### Problem
Should an entry contain an image, omit it and repeat the rest exactly.

### Exercise data
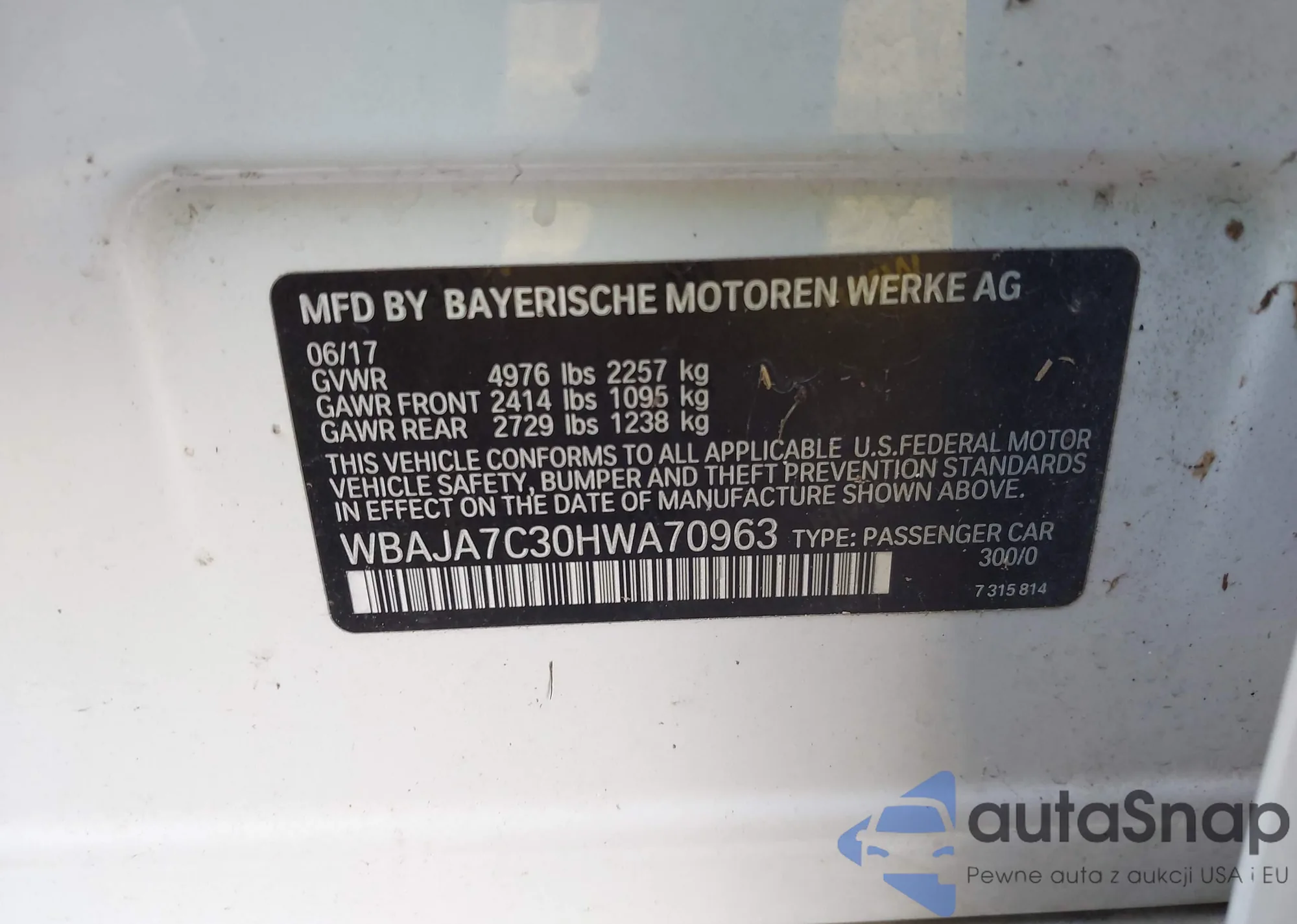 VIN: WBAJA7C30HWA70963
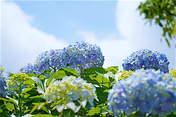 紫陽花は雨が似合う花だけれど、こういう青空にも映えるのも魅力。
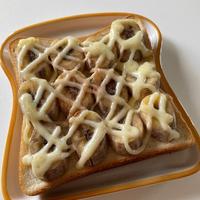 - 2 食パンに1を並べてマヨネーズで線描きし、オーブントースターで焼き色が付くまで5分焼きます。
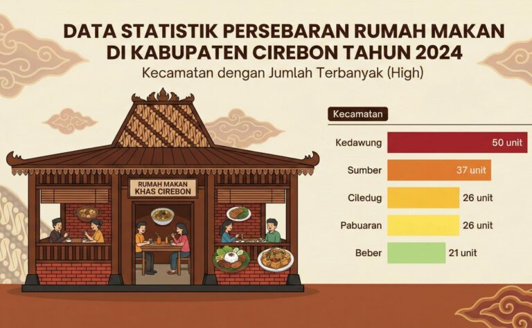 Data tahun 2024 menunjukkan persebaran rumah makan di Kabupaten Cirebon masih terkonsentrasi pada kecamatan dengan aktivitas pemerintahan dan mobilitas masyarakat yang tinggi.
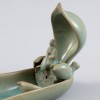 연꽃잎을 돛단배처럼 형상화한 향꽂이입니다. 연꽃잎의 끝부분에는 연밥이 있고 그 위에 작은 인물상이 앉아 있어 마치 물 위의 배 모습을 연상시킵니다. 연밥 중앙에는 향을 꽂을 수 있도록 구멍이 마련되어 있습니다. 연꽃은 불교에서 청정과 해탈을 상징하며, 꽃과 열매가 동시에 맺히는 특징 때문에 생명력과 풍요를 의미합니다. 연꽃과 향을 피우는 행위, 스님을 닮은 작은 인물상은 불교적 세계관을 보여줍니다.
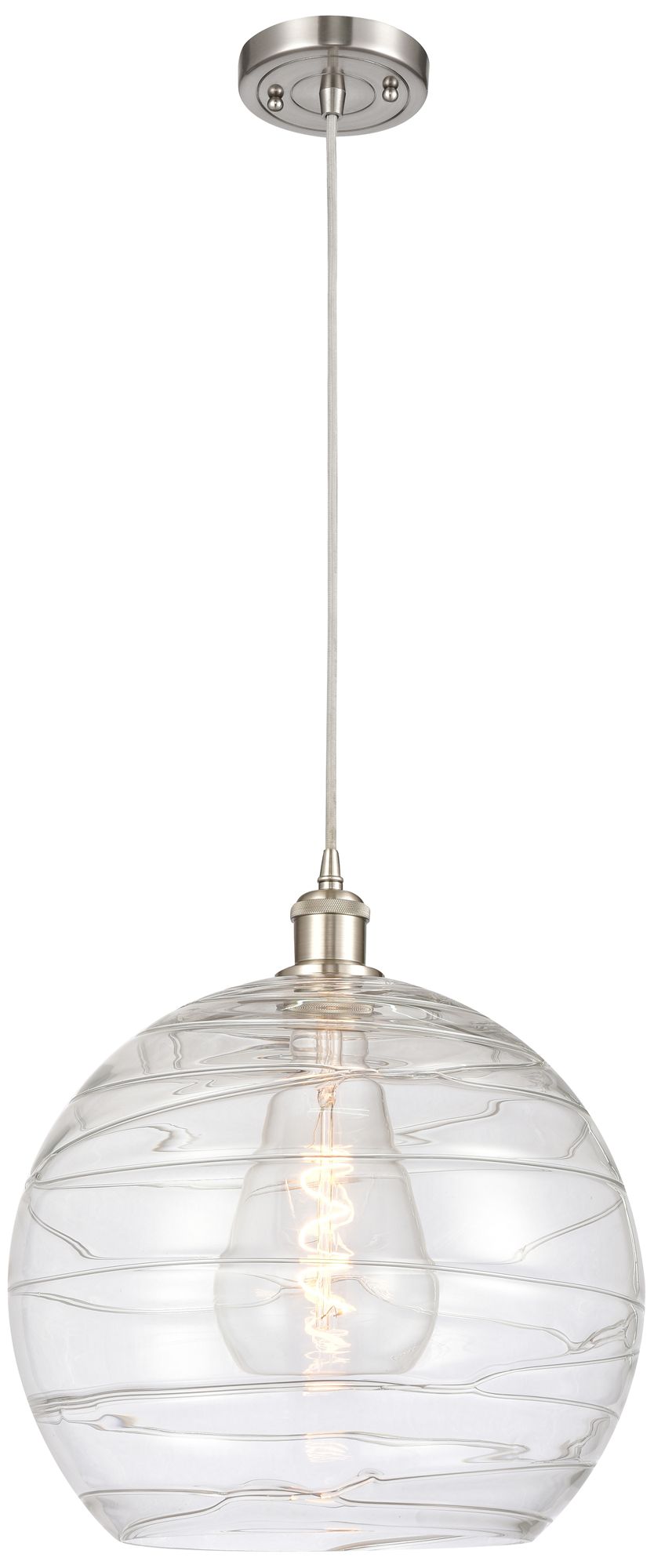 Ballston Athens 14" Brushed Nickel LED Pendant With Clear Deco Swirl S
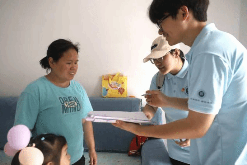 图 5鸿鹄实践队队员在蔡湾村开展入户调研
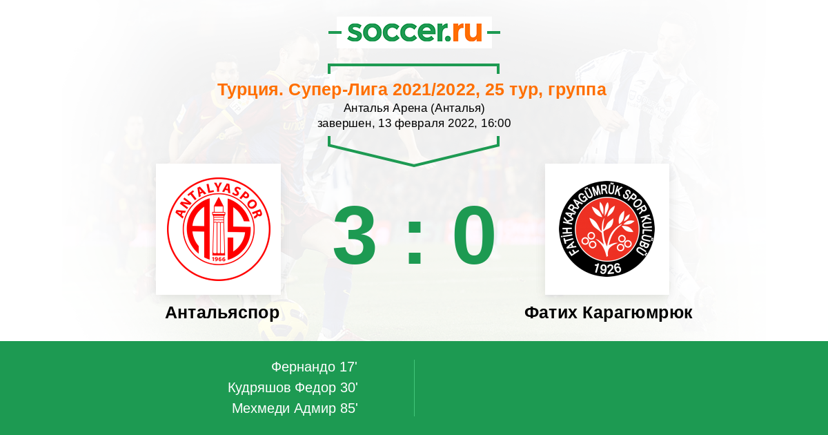 Протокол матча Антальяспор против Фатих Карагюмрюк

### Written solution
 VIN: WBAJA7C30HWA70963
 紫陽花は雨が似合う花だけれど、こういう青空にも映えるのも魅力。
 - 2 食パンに1を並べてマヨネーズで線描きし、オーブントースターで焼き色が付くまで5分焼きます。
 Data tahun 2024 menunjukkan persebaran rumah makan di Kabupaten Cirebon masih terkonsentrasi pada kecamatan dengan aktivitas pemerintahan dan mobilitas masyarakat yang tinggi.
 연꽃잎을 돛단배처럼 형상화한 향꽂이입니다. 연꽃잎의 끝부분에는 연밥이 있고 그 위에 작은 인물상이 앉아 있어 마치 물 위의 배 모습을 연상시킵니다. 연밥 중앙에는 향을 꽂을 수 있도록 구멍이 마련되어 있습니다. 연꽃은 불교에서 청정과 해탈을 상징하며, 꽃과 열매가 동시에 맺히는 특징 때문에 생명력과 풍요를 의미합니다. 연꽃과 향을 피우는 행위, 스님을 닮은 작은 인물상은 불교적 세계관을 보여줍니다.
 Ballston Athens 14" Brushed Nickel LED Pendant With Clear Deco Swirl S
 图 5鸿鹄实践队队员在蔡湾村开展入户调研
 Протокол матча Антальяспор против Фатих Карагюмрюк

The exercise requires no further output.